シェフ 三ツ星フードトラック始めました(初回限定版) [DVD]


アメリカ全土をフードトラック(日本で言う屋台)で旅するシェフの物語。


監督は『アイアンマン』シリーズで有名なジョン・ファブロー。


『シェフ』はファブローが『アイアンマン』シリーズで味わった栄光と挫折をフィクションに焼き直し、自分の主張したいことをぶちまけた映画だ。
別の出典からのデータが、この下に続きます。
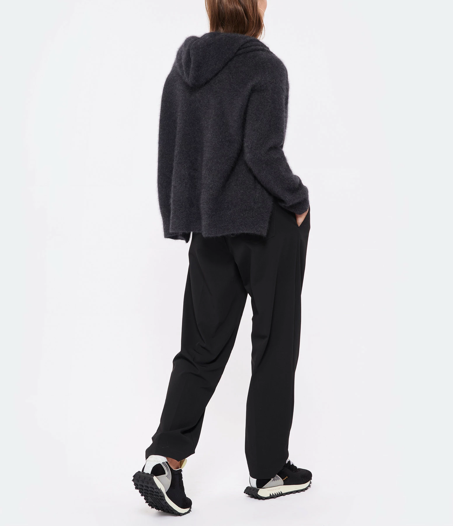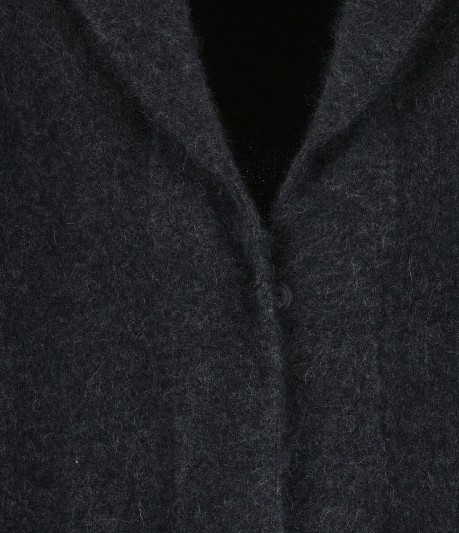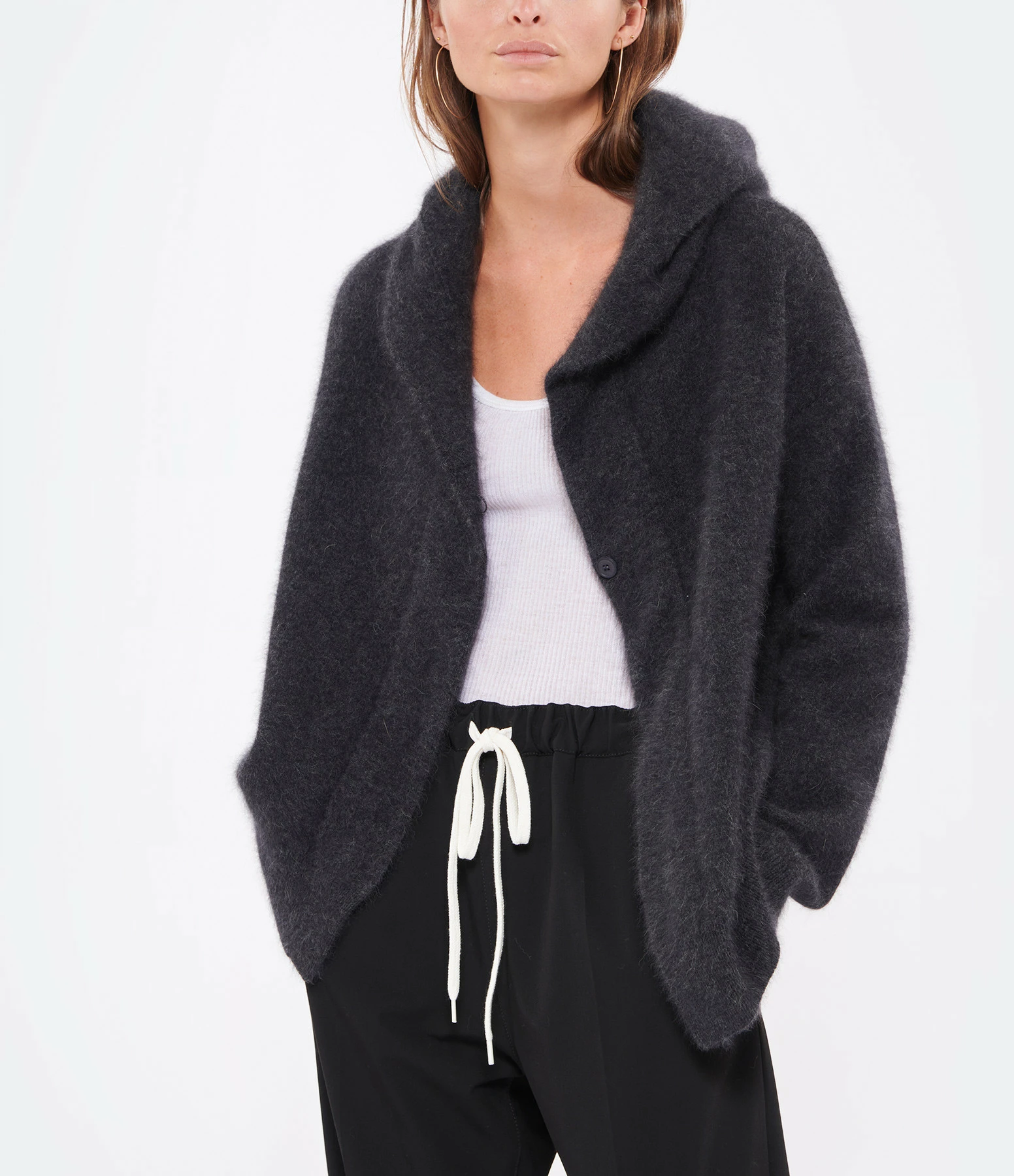 Gilet à capuche en laine de raton laveur asiatique gris. Fermeture boutonnée simple sur le devant. Bouton gris. Manches longues avec poignets côtelés. Deux poches prises dans la couture sur le devant. Coupe droite ample. Base droite côtelée.
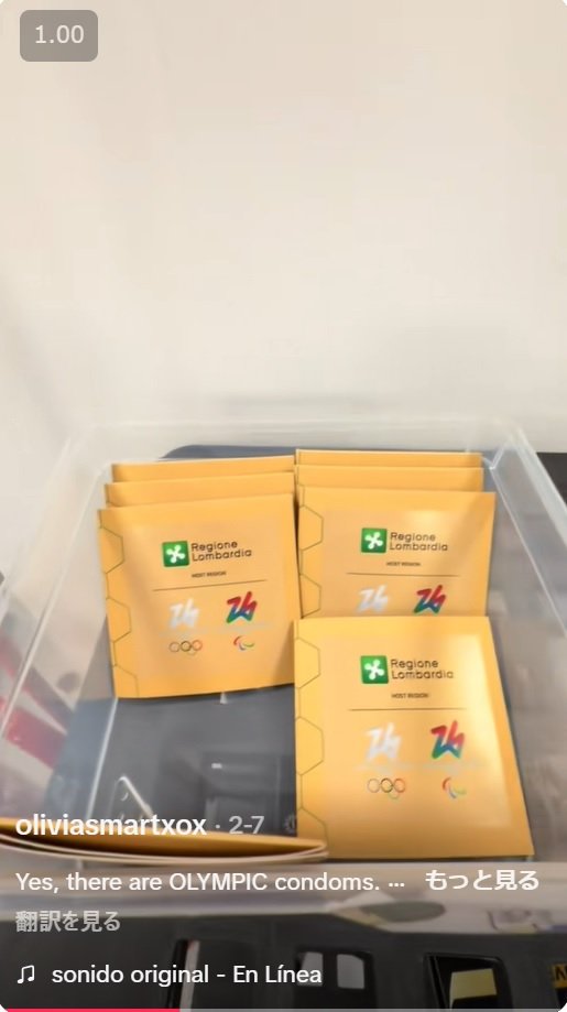 フィギュアスケートのスペイン代表であるオリビア・スマート選手は2月6日、自身のTikTokで選手村に置かれたコンドームを紹介。選手村内を映した動画では、廊下に設置された「コンドーム」と書かれた箱のなかに、黄色い袋に入ったコンドームが“取り放題”になっていることがわかる。
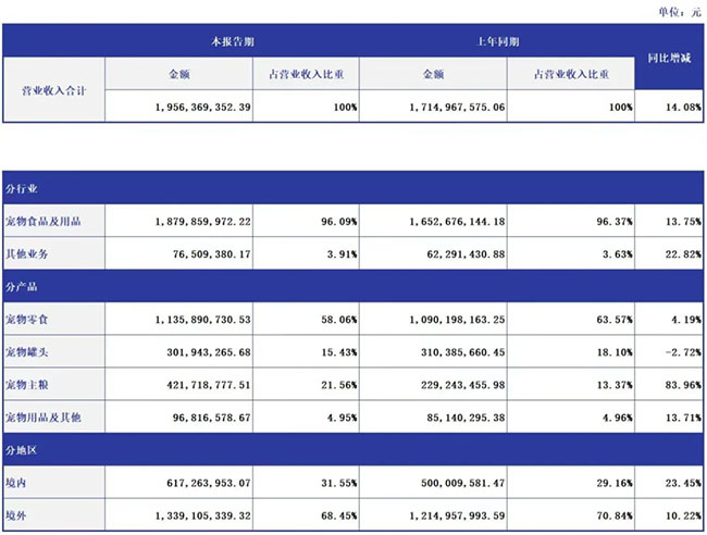 2024年8月19日,中宠股份发布2024年年中报。公司2024年上半年实现营业收入19.56亿元。其中,境内主营业务收入6.17亿元,同比增长23.45%,宠物主粮贡献销售额为4.22亿元,同比增长83.96%。整体业绩实现超预期大幅增长。

主人公のカール(演じるのは監督のファブロー自身)はロサンゼルスのレストラン"ガロワーズ"でシェフとして働ている。独創的なアイデアで料理を作り、キャリアを積んできたが、ガロワーズのオーナーはカールの料理には目もくれず、今までの定番メニューを作れと命じる。


カールが、


「うちはマンネリだ、創造性がない。ワンパターンのメニューを5年も変えてない」


と言うと、オーナーは、


「それでも儲かってきたんだ。新進気鋭のシェフだか知らんが、お前の"臓物"を使ったメニューなんて一皿も売れなかったじゃないか」


と返す。


ある日、レストランに大物の批評家がやってきた。カールは新しいメニューを提案するが、オーナーは無碍なく却下する。そして案の定、オーナーが作れと命じた定番メニューは"客に媚びている"と批評家に酷評されてしまう。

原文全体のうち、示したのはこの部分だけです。